▶ _Exercise requirements_
Your reply should be the whole listing, copied exactly, with the pictures left out.

▶ _Data shown_
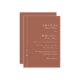 Simples, elegante e saboroso, este clássico design de convite de casamento Terthy apresenta uma fina linha de fronteira ao longo da margem esquerda com a inicial do monograma da noiva e noiva. Uma combinação de fontes serif elegantes de eterno emparelhada com uma fonte de script tradicional é usada para os nomes da noiva e do noivo e outro texto de sotaque. Você pode adicionar, remover ou ajustar o posicionamento do texto de acordo com as suas necessidades. O fundo de terracota, sempre popular, com textos esbranquiçados adiciona à simplicidade pura desta design e é uma escolha adorável para casamentos no outono ou meses mais frios. O verso do convite tem uma modelo de texto para incluir um código QR para fornecer aos seus convidados de casamento um método fácil de RSVP e para ver detalhes e planos em torno do casamento. Esses convites estão disponíveis em formatos de download digitais impressos e sem papel.
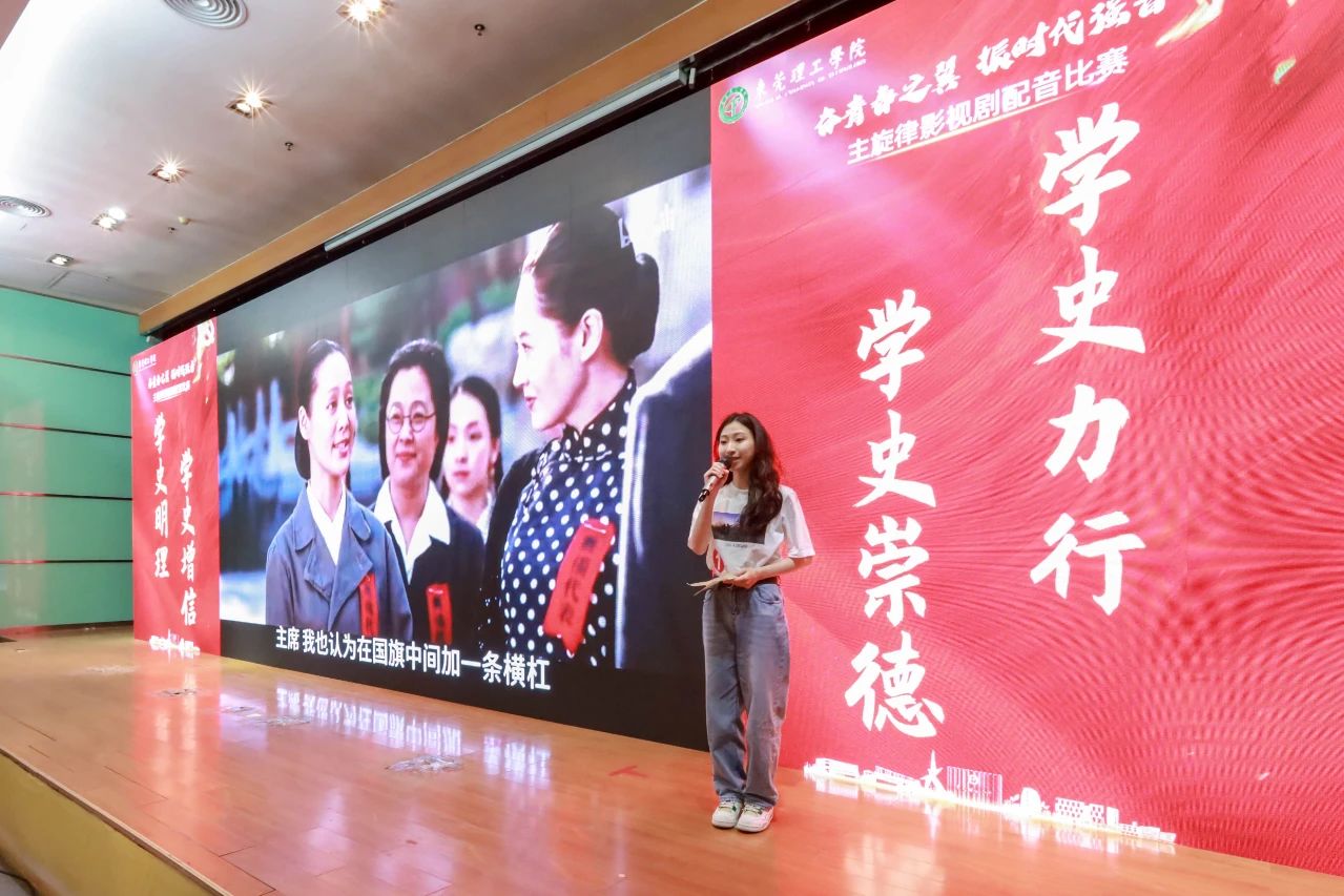 每一部主旋律影视剧,都是一堂生动的党史教育课,从《建国大业》妇女代表的热情探讨,到《觉醒年代》李大钊的慷慨发言,再到《大江大河》中宋运辉对国家、社会发展的自白剖析,莞工学子对多个主旋律影视剧作品片段进行配音演绎,用青春之声、燃烧之情展示了革命先辈的精神气概,引发了现场观众的强烈共鸣。
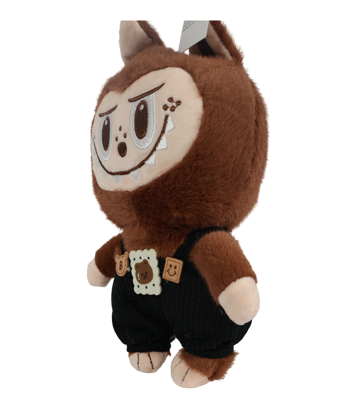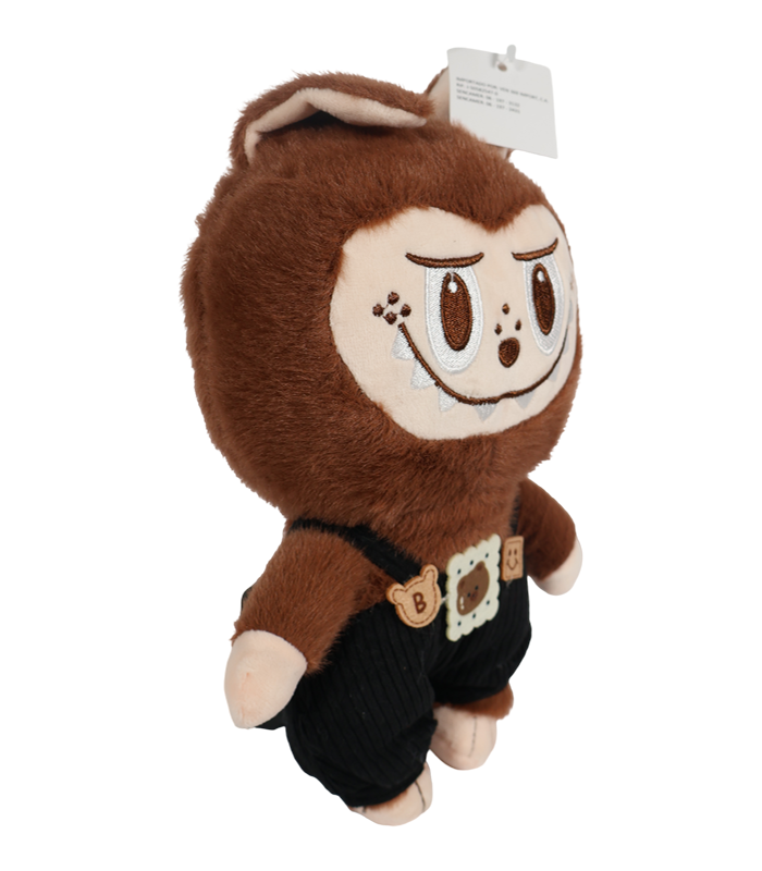 Adorable peluche Labubu de la serie ‘The Monsters’ en color marrón, vestido con un simpático overol negro. Perfecto para coleccionistas y fans de los juguetes de arte.
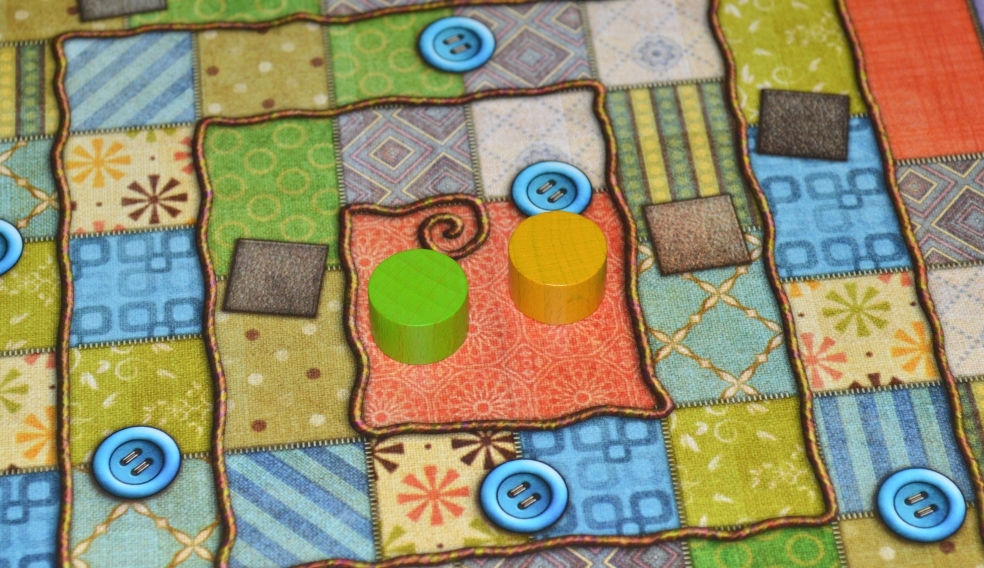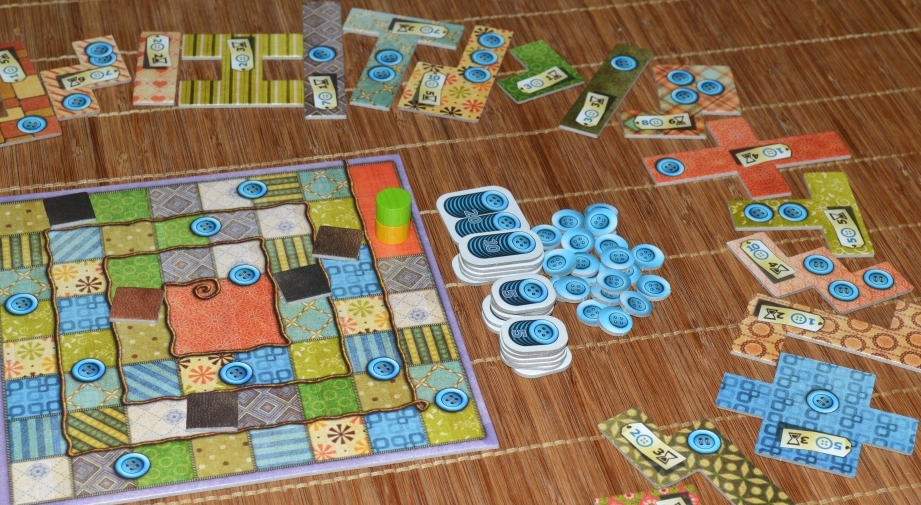 В компактной коробке ютятся планшеты, тетрисоподобные тайлы, жетончики пуговиц и несколько деревянных фишек. Сам игровой процесс можно описать одним предложением: два участника соревнуются в вышивании одеяла размером 9х9 клеток с помощью лоскутов, приобретённых за монеты-пуговицы. Эмм, звучит не шибко привлекательно, но подождите! Вспомним, кто автор. Конечно, чтобы пошить одеяло, нам не придётся разводить и стричь овец, но кое-что любопытное тут имеется.

▶ _Answer area_
 Simples, elegante e saboroso, este clássico design de convite de casamento Terthy apresenta uma fina linha de fronteira ao longo da margem esquerda com a inicial do monograma da noiva e noiva. Uma combinação de fontes serif elegantes de eterno emparelhada com uma fonte de script tradicional é usada para os nomes da noiva e do noivo e outro texto de sotaque. Você pode adicionar, remover ou ajustar o posicionamento do texto de acordo com as suas necessidades. O fundo de terracota, sempre popular, com textos esbranquiçados adiciona à simplicidade pura desta design e é uma escolha adorável para casamentos no outono ou meses mais frios. O verso do convite tem uma modelo de texto para incluir um código QR para fornecer aos seus convidados de casamento um método fácil de RSVP e para ver detalhes e planos em torno do casamento. Esses convites estão disponíveis em formatos de download digitais impressos e sem papel.
 每一部主旋律影视剧,都是一堂生动的党史教育课,从《建国大业》妇女代表的热情探讨,到《觉醒年代》李大钊的慷慨发言,再到《大江大河》中宋运辉对国家、社会发展的自白剖析,莞工学子对多个主旋律影视剧作品片段进行配音演绎,用青春之声、燃烧之情展示了革命先辈的精神气概,引发了现场观众的强烈共鸣。
 Adorable peluche Labubu de la serie ‘The Monsters’ en color marrón, vestido con un simpático overol negro. Perfecto para coleccionistas y fans de los juguetes de arte.
 В компактной коробке ютятся планшеты, тетрисоподобные тайлы, жетончики пуговиц и несколько деревянных фишек. Сам игровой процесс можно описать одним предложением: два участника соревнуются в вышивании одеяла размером 9х9 клеток с помощью лоскутов, приобретённых за монеты-пуговицы. Эмм, звучит не шибко привлекательно, но подождите! Вспомним, кто автор. Конечно, чтобы пошить одеяло, нам не придётся разводить и стричь овец, но кое-что любопытное тут имеется.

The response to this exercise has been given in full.